360-degree Holograms: They're coming sooner than you think!

Admin | Published 2016-10-20 01:00
Princess Leia's hologram moment is one step closer to reality. A group of South Korean researchers have developed new technology to help establish full 360-degree Holograms. If this venture is successful, we might finally see actual holograms in their 3D, full-size and true-color glory!

Star Wars Hologram (from Tumblr)

Youngjum Lim and his team from South Korea pointed out that while their new technology has big impacts on a lot of fields, the process is pretty daunting. It involves compressing an electronic device to be small enough for a table top. However, it has to be powerful enough to render full-surround 3D images. The 360-degree Holograms must be viewable without special glasses and aid. While Lim and his team were able to make prototypes, the cost to mass-produce their technology is daunting.

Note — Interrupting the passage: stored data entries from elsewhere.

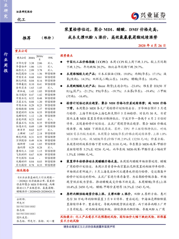 【兴业证券】【20200426】装置检修临近,聚合MDI、醋酸、DMF价格走高,成本支撑双酚 A 涨价,高效氯氟氰菊酯延续涨势-36页 行业研究
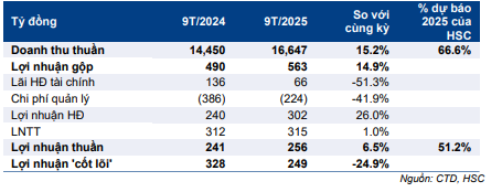 Bảng 1: KQKD Q3 NĐTC 2025, CTD
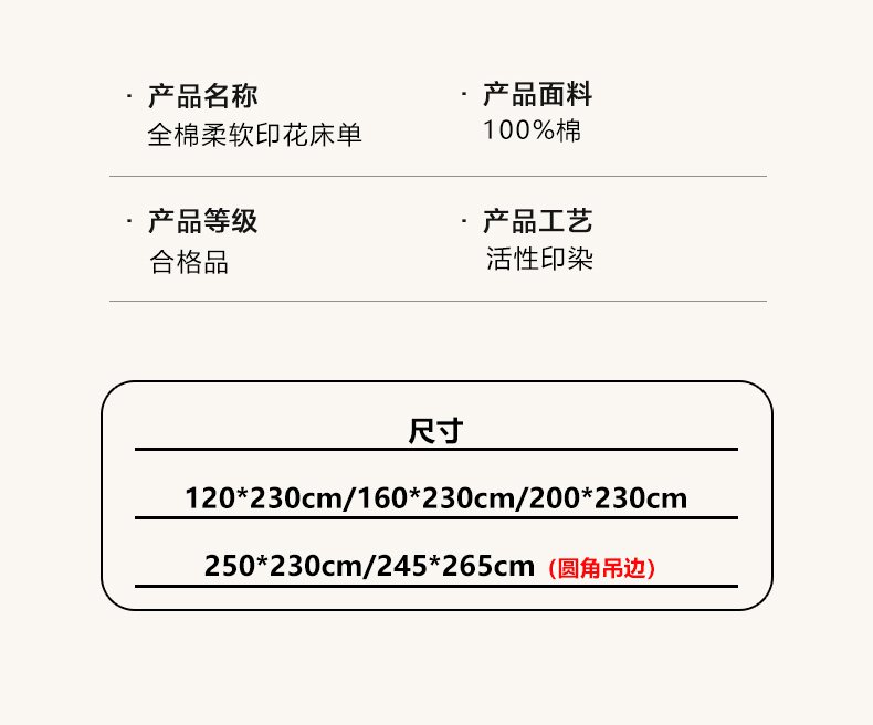 245*265cm单床单(圆角吊边)
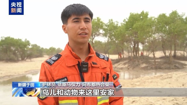 护林员 依斯马仪力·阿布都热合曼:我们每天都在林子里巡查,看着洪水慢慢滋润着胡杨林,心里特别踏实。播撒种子也是为了能让这片林子更茂盛,以后会有更多的鸟儿和动物来这里安家。
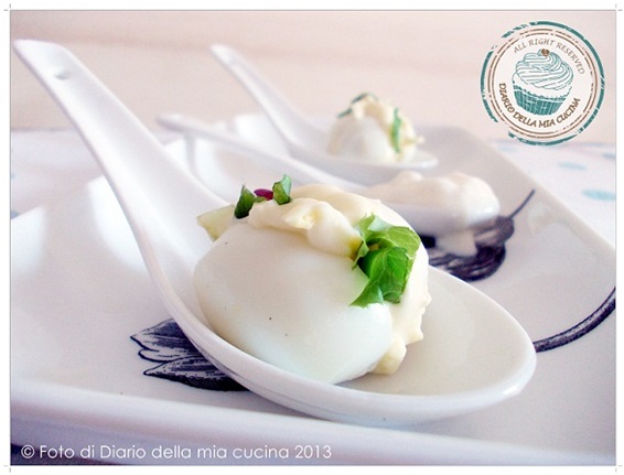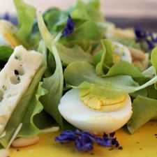 Fate bollire le uova in un pentolino con acqua e qualche cucchiaio di aceto bianco per 5 minuti (da quando bolle). Lasciatele intiepidire, sgusciatele delicatamente facendo attenzione a non romperle e lasciate in un piatto a raffreddare completamente. Intanto lavate e asciugate bene la misticanza. Dividete a metà le uova, mettete in una ciotola i tuorli e mescolate con il formaggio, un pizzico di sale e pepe schiacciando bene con una forchetta ottenendo una crema omogenea. Riempite le uova con la crema di formaggio, mettete sopra una metà qualche foglia di insalata e coprite con un’altra parte di uovo farcito. Proseguite fino a quando avrete finito il ripieno o le uova e servite.
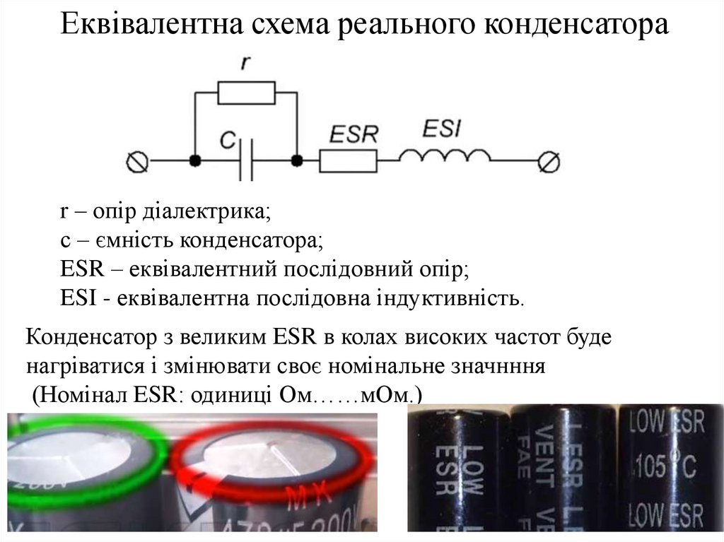 ESR – еквівалентний послідовний опір;

Hologram Sample (from Tumblr)

Lim said the future of 360-degree Holograms must be commercial available, spatially light but is still capable of fulfilling its functions. His team is currently developing a window design for a tabletop. A virtual hologram can make a viewing window, and is aided by parabolic mirrors. However, their current models still have visual distortion, which they hope to fix in the future. Regardless, Lim said they are able to make 3.2-inch 360-degree Holograms that are viewable on any angle.

Iron Man Hologram (from Tumblr)


Future of 360-degree Holograms

Lim and his team's 360-degree Holograms are currently greenish in color. The problem with color will hopefully be solved soon. While we may not be able to communicate with fellow Jedi and Sith soon, this progress is stellar.

Hunger Games: Catching Fire Hologram (from Giphy)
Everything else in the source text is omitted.